Dall’Etruria in giù, fino alla Grecia, passando per Itaca. Il viaggio rocambolesco dentro la mitologia classica è una pallina su un piano che si inclina quando il sentimento agnostico e concreto dell’uomo etrusco comprende l’importanza di avere delle divinità in cui credere. Da lì, giù giù, a ritroso in una corsa contro il tempo che passa in rassegna tutta l’Iliade e poi a perdifiato ripercorre l’Odissea, si sofferma, sulle sirene, sulla curiosità di Ulisse, poi sull’amore di Meleagro per Atalanta, con sempre maggiore delicatezza estrae dal mito la scelta di eutanasia di Altea per il figlio pluriomicida.

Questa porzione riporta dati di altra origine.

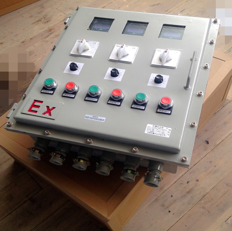 防爆控制箱一般有復合型和隔爆型兩種結(jié)構(gòu)。復合型外殼采用增安型結(jié)構(gòu),內(nèi)裝元件采用隔爆型元件或增安型的元件;外殼采用ZL102鋁合金壓鑄成型,表面高壓靜電噴塑,內(nèi)裝的元件有按鈕,控制開關(guān),儀表等均為防爆元件。

L’ultima tappa è Tebe. Finita la corsa, l’attenzione si ferma a lungo sul dialogo tragico tra Antigone e Creonte, tra le ragioni del cuore e la ragion di Stato. Alla fine del viaggio, il mito dissacrato ha lasciato posto all’uomo, non c’è più spazio per la fede. La responsabilità individuale dell’homo sui faber soffoca come una coltre pesante la leggerezza del racconto epico che non pesa, perché parla di qualcuno altro da noi, di qualcosa fuori da noi.

Il racconto di Silvia Frasson e Alessandro Waldergan, con le frecce avvelenate dell’ironia, spezza i nervi del sacro, fiaccando le gambe al gigante di pietra dell’intoccabile religiosità, per restituire all’uomo la paternità delle istanze che hanno spinto l’umanità al progresso: il diritto alla conoscenza, il diritto ad amare e a essere felici non sono concessioni divine, ma il frutto di una scelta deliberata, sofferta e realizzata dall’uomo stesso.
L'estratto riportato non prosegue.